Звук удара. Оханье. Пашка невозмутимо продолжал:
– Не произноси при мне, козел, «честное слово». Договорились? И вообще хватит толочь воду в ступе. Либо ты честно выкладываешь, куда дел деньги и кто с тобой был в игре, либо сейчас начнется такое, о чем ты и в документальных книжках про гестапо не прочтешь. Рот, конечно, заткнем, да и услышит кто-нибудь – не велика беда. В этих бараках по три белые горячки на день случается, не считая бытовых драк. Народ тут простой, бесхитростный, на вопли за стеной особого внимания не обращает, в чужие дела не лезет, а в милицию звонить не приучен сызмальства…
– Яйца ведь отрежу, сука, – грозно пообещал Елагин. – В несколько приемов.
– Ребята… господа… товарищи… – лепетал Фомич. – Чем угодно клянусь, это какой-то поклеп…
– И кто ж его на тебя возвел?
– Он…
– Манекен?
– Вот именно… Я раньше не рассказывал… Он шутил, говорил, что шарахнет по голове и угонит «уазик»…

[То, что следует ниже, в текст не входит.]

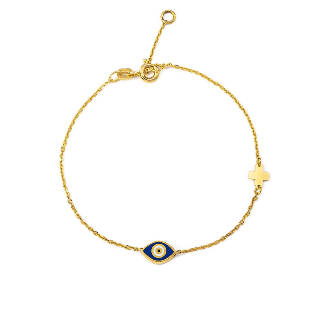 Evil Eye Blue Enamel Bracelet with Cross – Sterling Silver and Gold Plated
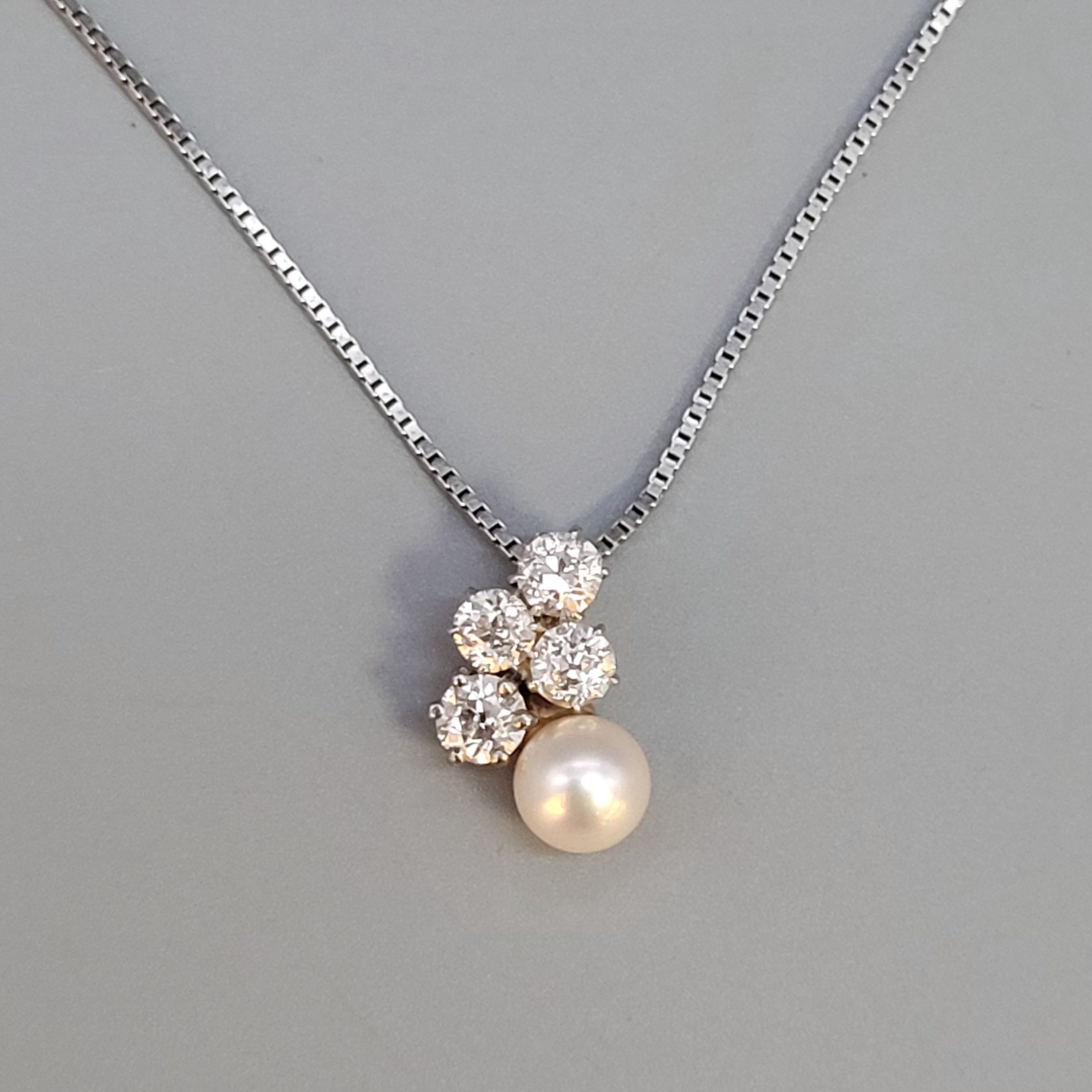 Kette mit Anhänger 585er Gelb- und Weißgold, Kette mit Hakenverschluss, Anhänger Perle und 4 Altschliffdiamanten (ca. 0,50 ct), Anhänger 1,5 x 1 cm, Kette 21 (42) cm, Gewicht ca. 5g
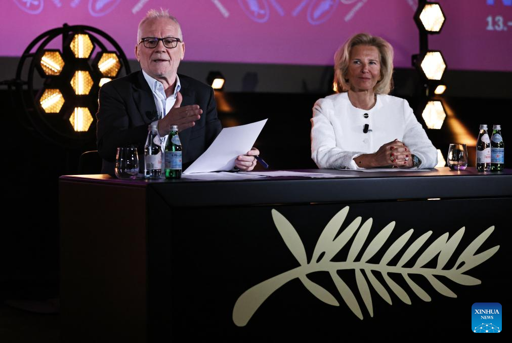 PARIS, 10 abril, 2025 (Xinhua) -- La presidenta de Festival de Cine de Cannes, Iris Knobloch (d), y el delegado general, Thierry Fremaux, asisten a una conferencia de prensa, en París, Francia, el 10 de abril de 2025. El Comité del Festival de Cine de Cannes sostuvo una conferencia de prensa el jueves para anunciar la selección oficial de este año. (Xinhua/Gao Jing)

– Вздор, – заключил Елагин, – если бы собирался, не стал бы с тобой на эту тему шутить, это азбука… Кто шутит – не собирается, а кто собирается – не шутит…
– Возможно, сначала он и не собирался, а потом-то решил всерьез…
– И подставил тебя, невинное наше дитятко?
– Конечно!
– И сам себя газом облил?
– Почему бы и нет?
– И раздвоился? Один он лежал и блевал, а второй он угнал машину?! Фомич, ты сам-то хоть чувствуешь, какую чушь несешь? Ну, поразмысли спокойненько над всем, что только что болтал…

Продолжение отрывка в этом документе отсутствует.